VMBench: Perception-Aligned Motion Benchmark & LD‑RPS Zero‑Shot Restoration
This article introduces VMBench, the first perception‑aligned video motion generation benchmark that defines a five‑dimensional metric suite and a meta‑guided prompt generation pipeline, and presents LD‑RPS, a zero‑shot unified image restoration framework based on latent diffusion recurrent posterior sampling, together with extensive experiments validating both systems.
Conference Overview
ICCV (International Conference on Computer Vision) is a top‑tier international conference in computer vision, with a 24% acceptance rate; five papers from the Gaode technology team were accepted.

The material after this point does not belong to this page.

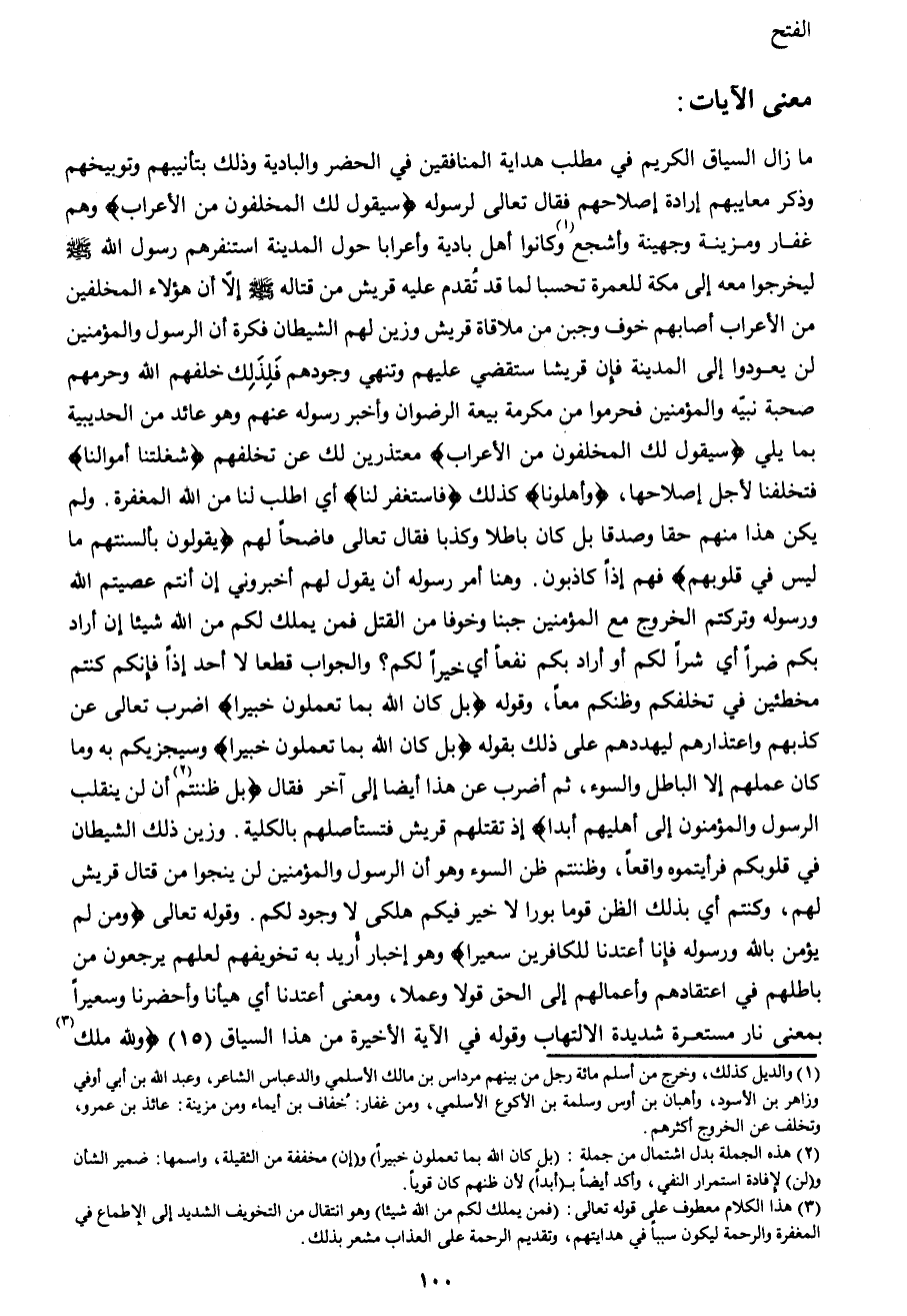 ما زال السياق الكريم في مطلب هداية المنافقين في الحضر والبادية وذلك بتأنيبهم وتوبيخهم وذكر معايبهم إرادة إصلاحهم فقال تعالى لرسوله {سَيَقُولُ لَكَ الْمُخَلَّفُونَ مِنَ الأَعْرَابِ} وهم غفار ومزينة وجهينة وأشجع1 وكانوا أهل بادية وأعرابا حول المدينة استنفرهم رسول الله صَلَّى اللهُ عَلَيْهِ وَسَلَّمَ ليخرجوا معه إلى مكة للعمرة تحسبا لما قد تقدم عليه قريش من قتاله صَلَّى اللهُ عَلَيْهِ وَسَلَّمَ إلا أن هؤلاء المخلفين من الأعراب أصابهم خوف وجبن من ملاقاة قريش وزين لهم الشيطان فكرة أن الرسول والمؤمنين لن يعودوا إلى المدينة فإن قريشا ستقضي عليهم وتنهي وجودهم فلذلك خلفهم الله وحرمهم صحبة نبيه والمؤمنين فحرموا من مكرمة بيعة الرضوان وأخبر رسوله عنهم وهو عائد من الحديبية بما يلي {سَيَقُولُ لَكَ الْمُخَلَّفُونَ مِنَ الأَعْرَابِ} معتذرين لك عن تخلفهم {شَغَلَتْنَا أَمْوَالُنَا} فتخلفنا لأجل إصلاحها، {وَأَهْلُونَا} كذلك {فَاسْتَغْفِرْ لَنَا} أي اطلب لنا من الله المغفرة. ولم يكن هذا منهم حقا وصدقا بل كان باطلا وكذبا فقال تعالى فاضحاً لهم {يَقُولُونَ بِأَلْسِنَتِهِمْ مَا لَيْسَ فِي قُلُوبِهِمْ} فهم إذاً كاذبون. وهنا أمر رسوله أن يقول لهم أخبروني إن أنتم عصيتم الله ورسوله وتركتم الخروج مع المؤمنين جبنا وخوفا من القتل فمن يملك لكم من الله شيئا إن أراد بكم ضراً أي شراً لكم أو أراد بكم نفعاً أي خيرا لكم؟ والجواب قطعاً لا أحد إذاً فإنكم كنتم مخطئين في تخلفكم وظنكم معاً، وقوله {بَلْ كَانَ اللهُ بِمَا تَعْمَلُونَ خَبِيراً} اضرب تعالى عن كذبهم واعتذارهم ليهددهم على ذلك بقوله {بَلْ كَانَ اللهُ بِمَا تَعْمَلُونَ خَبِيراً} وسيجزيكم به وما كان عملهم إلا الباطل والسوء، ثم أضرب عن هذا أيضا إلى آخر فقال {بَلْ ظَنَنْتُمْ2 أَنْ لَنْ يَنْقَلِبَ الرَّسُولُ وَالْمُؤْمِنُونَ إِلَى أَهْلِيهِمْ أَبَداً} إذ تقتلهم قريش فتستأصلهم بالكلية. وزين ذلك الشيطان في قلوبكم فرأيتموه واقعا، وظننتم ظن السوء وهو أن الرسول والمؤمنين لن ينجوا من قتال قريش لهم، وكنت أي بذلك الظن قوما بورا لا خير فيكم هلكى لا وجود لكم. وقوله تعالى {وَمَنْ لَمْ يُؤْمِنْ بِاللهِ وَرَسُولِهِ فَإِنَّا أَعْتَدْنَا لِلْكَافِرِينَ سَعِيراً} وهو إخبار أريد به تخويفهم لعلهم يرجعون من باطلهم في اعتقادهم وأعمالهم إلى الحق قولا وعملا، ومعنى اعتدنا أي هيئنا وأحضرنا وسعيراً بمعنى نار مستعره شديدة الالتهاب وقوله في الآية الأخيرة من هذا السياق (15) {وَلِلَّهِ مُلْكُ3

VMBench: Perception‑Aligned Video Motion Benchmark
VMBench is the first benchmark that aligns video motion quality evaluation with human perception. It builds a five‑dimensional Perception‑Aligned Motion Metrics (PMM) system—CAS, MSS, OIS, PAS, and TCS—covering six natural motion patterns and provides a large meta‑information‑guided prompt generation (MMPG) framework.
Research Background
Existing evaluation methods suffer from two main issues: (1) metrics are detached from human perception, failing to capture smoothness, physical plausibility, and object integrity; (2) prompt libraries are limited, restricting the assessment of diverse dynamic scenes.
Paper Highlights
Perception‑Aligned Metric Suite (PMM) : includes Common‑sense Alignment Score (CAS), Motion Smoothness Score (MSS), Object Integrity Score (OIS), Perceptible Amplitude Score (PAS), and Temporal Consistency Score (TCS).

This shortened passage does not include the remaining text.